━━━ Information ━━━
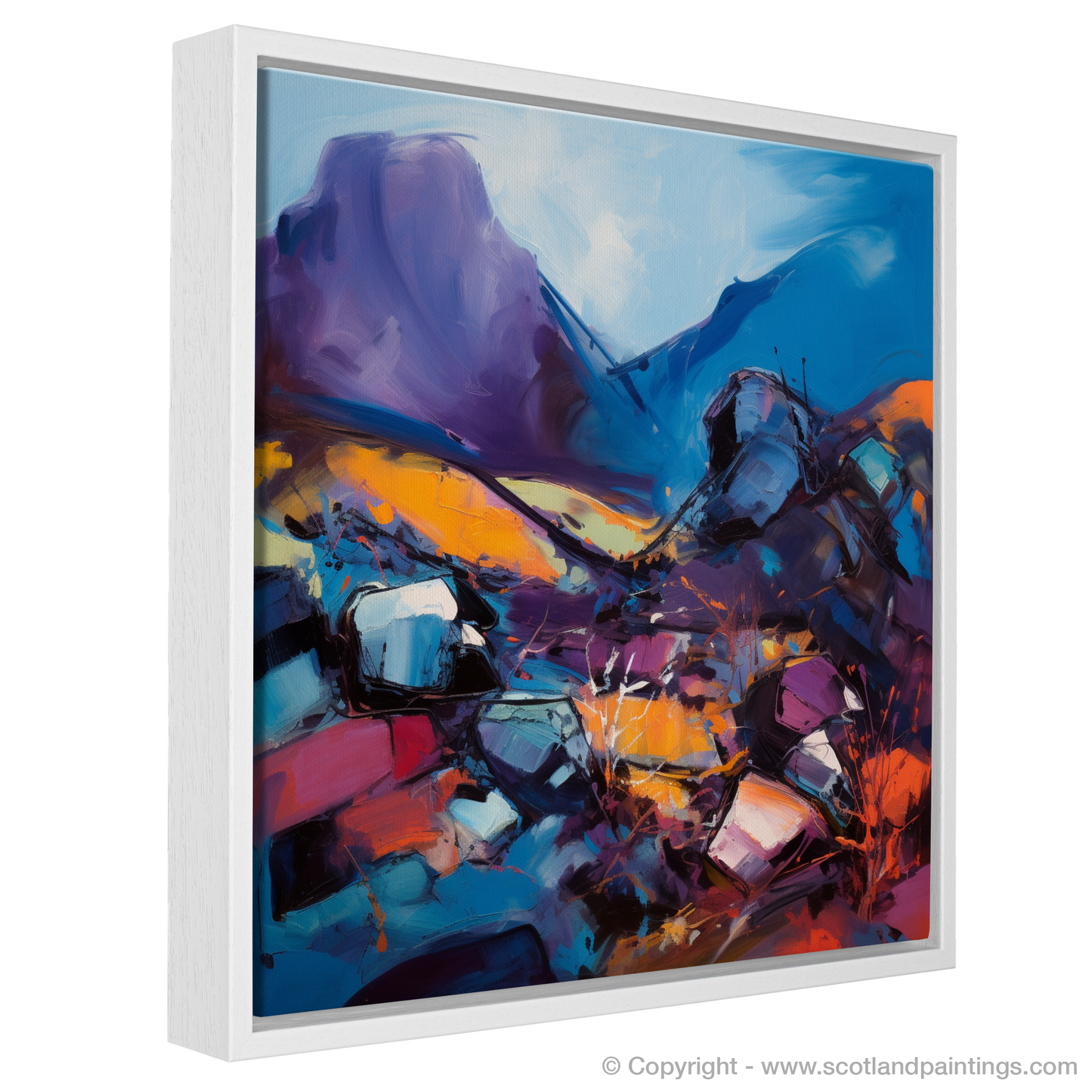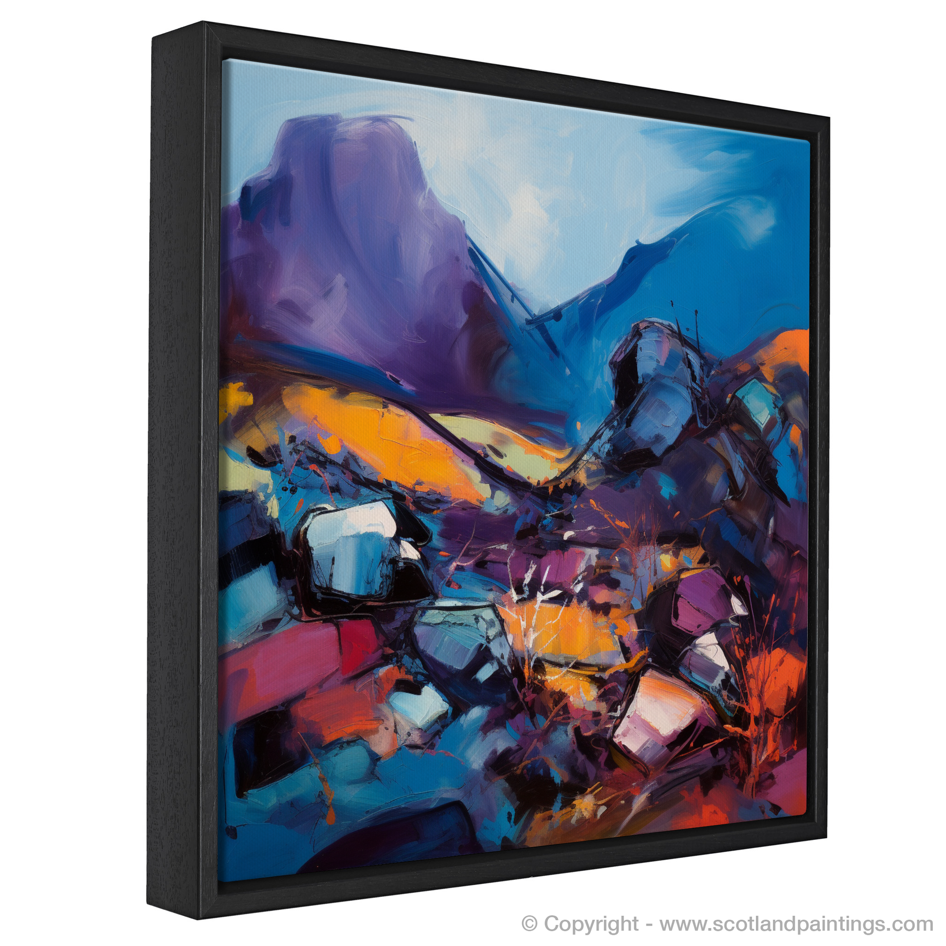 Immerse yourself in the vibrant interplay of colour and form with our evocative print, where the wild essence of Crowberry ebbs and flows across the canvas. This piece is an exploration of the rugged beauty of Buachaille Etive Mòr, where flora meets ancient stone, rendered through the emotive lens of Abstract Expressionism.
━━━
━━━ Information ━━━
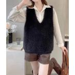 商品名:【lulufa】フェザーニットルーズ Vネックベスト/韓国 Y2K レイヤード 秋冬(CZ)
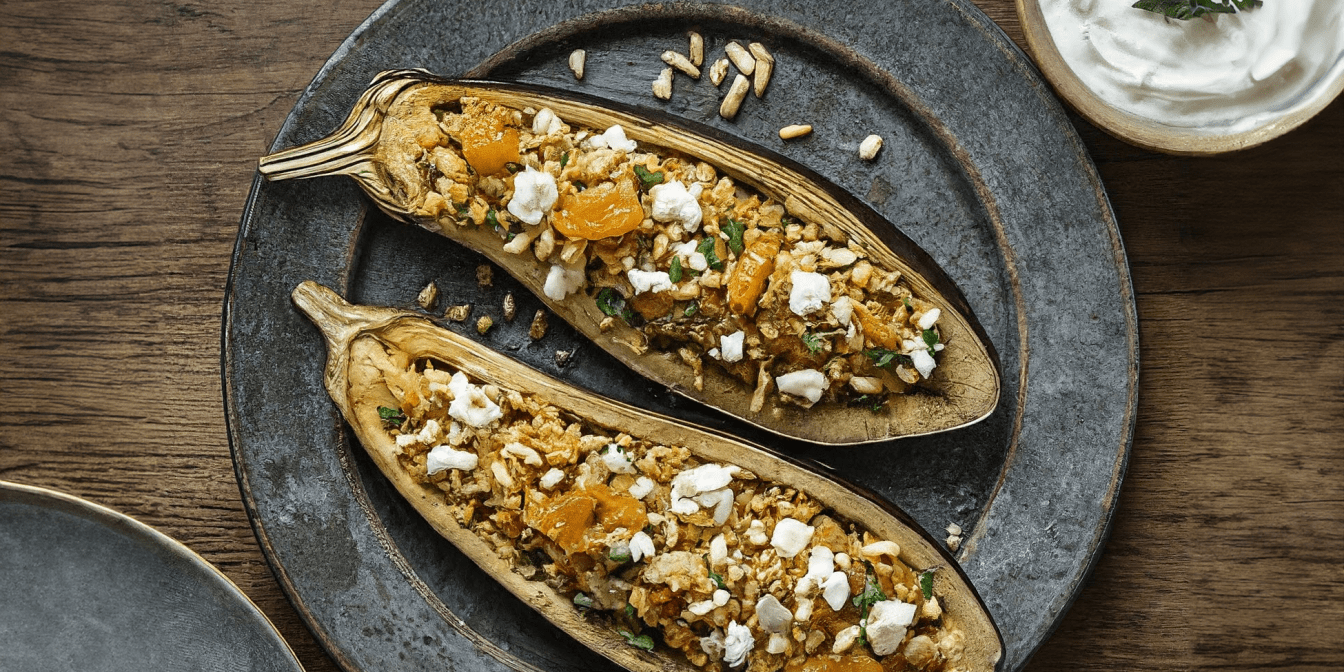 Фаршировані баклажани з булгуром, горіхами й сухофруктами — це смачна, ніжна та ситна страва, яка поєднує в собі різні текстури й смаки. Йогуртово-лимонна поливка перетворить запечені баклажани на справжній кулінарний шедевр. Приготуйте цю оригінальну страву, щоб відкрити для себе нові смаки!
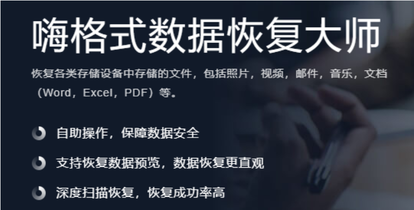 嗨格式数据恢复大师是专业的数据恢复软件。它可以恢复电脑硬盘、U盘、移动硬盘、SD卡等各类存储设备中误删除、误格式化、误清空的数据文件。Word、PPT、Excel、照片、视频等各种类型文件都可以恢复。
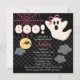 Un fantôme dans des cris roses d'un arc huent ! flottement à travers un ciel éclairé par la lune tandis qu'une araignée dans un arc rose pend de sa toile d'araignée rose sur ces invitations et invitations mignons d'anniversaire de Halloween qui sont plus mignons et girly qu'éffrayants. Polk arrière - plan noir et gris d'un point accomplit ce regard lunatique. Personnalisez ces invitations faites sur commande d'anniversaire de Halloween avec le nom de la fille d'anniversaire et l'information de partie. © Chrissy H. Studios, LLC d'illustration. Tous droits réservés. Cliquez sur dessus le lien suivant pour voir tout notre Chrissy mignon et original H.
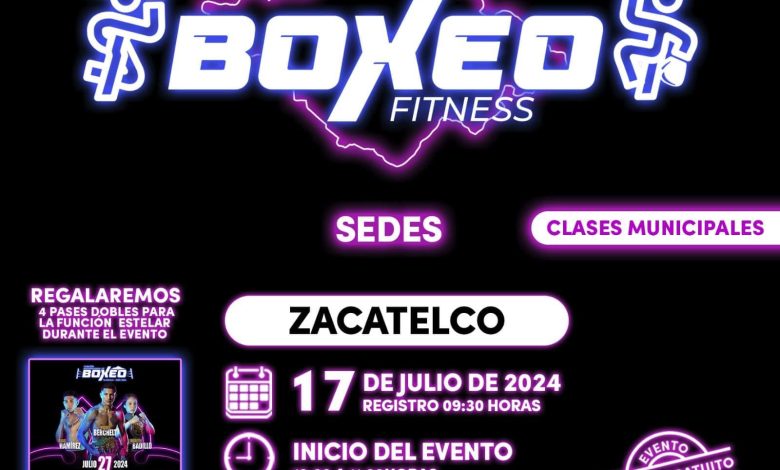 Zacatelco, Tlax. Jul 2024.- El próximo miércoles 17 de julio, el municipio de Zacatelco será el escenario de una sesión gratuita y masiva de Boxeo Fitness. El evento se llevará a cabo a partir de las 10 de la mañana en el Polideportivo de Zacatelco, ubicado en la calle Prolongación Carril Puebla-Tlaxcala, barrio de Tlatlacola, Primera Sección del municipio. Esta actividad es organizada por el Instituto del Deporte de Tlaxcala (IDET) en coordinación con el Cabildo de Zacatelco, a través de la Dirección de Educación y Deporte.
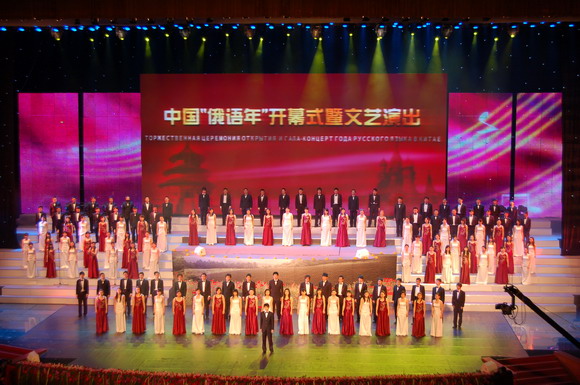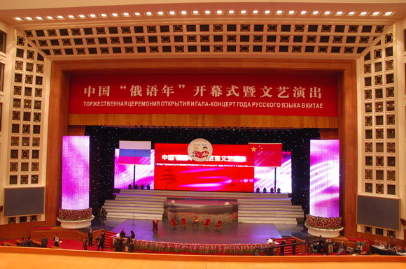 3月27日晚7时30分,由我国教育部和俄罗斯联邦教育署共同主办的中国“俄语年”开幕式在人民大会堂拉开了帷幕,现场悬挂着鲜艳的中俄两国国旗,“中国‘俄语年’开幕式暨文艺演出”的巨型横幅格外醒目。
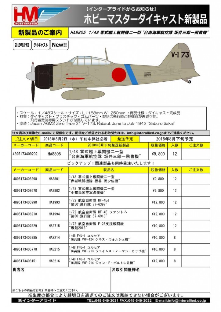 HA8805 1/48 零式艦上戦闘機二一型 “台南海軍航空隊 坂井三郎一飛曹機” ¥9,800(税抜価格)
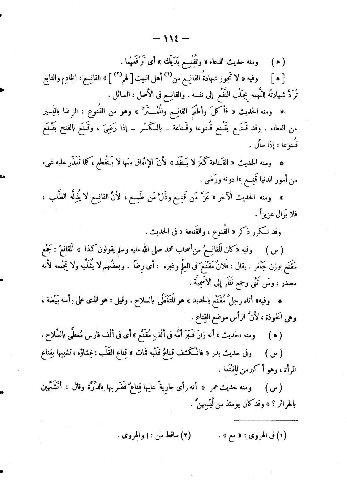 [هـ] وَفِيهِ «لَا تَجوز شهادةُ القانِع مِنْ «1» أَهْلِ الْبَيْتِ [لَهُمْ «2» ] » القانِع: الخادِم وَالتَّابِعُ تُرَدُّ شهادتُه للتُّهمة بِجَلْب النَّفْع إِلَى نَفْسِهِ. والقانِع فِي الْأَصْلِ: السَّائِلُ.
━━━
**Exercise prompt:** Could you output exactly the lines above, from the line with "3月27日晚7时30分,由我" up to and including the line with "فِي الْأَصْلِ: السَّائِلُ.", and nothing else, skipping the pictures?

**Response to the exercise:**
 3月27日晚7时30分,由我国教育部和俄罗斯联邦教育署共同主办的中国“俄语年”开幕式在人民大会堂拉开了帷幕,现场悬挂着鲜艳的中俄两国国旗,“中国‘俄语年’开幕式暨文艺演出”的巨型横幅格外醒目。
 HA8805 1/48 零式艦上戦闘機二一型 “台南海軍航空隊 坂井三郎一飛曹機” ¥9,800(税抜価格)
 [هـ] وَفِيهِ «لَا تَجوز شهادةُ القانِع مِنْ «1» أَهْلِ الْبَيْتِ [لَهُمْ «2» ] » القانِع: الخادِم وَالتَّابِعُ تُرَدُّ شهادتُه للتُّهمة بِجَلْب النَّفْع إِلَى نَفْسِهِ. والقانِع فِي الْأَصْلِ: السَّائِلُ.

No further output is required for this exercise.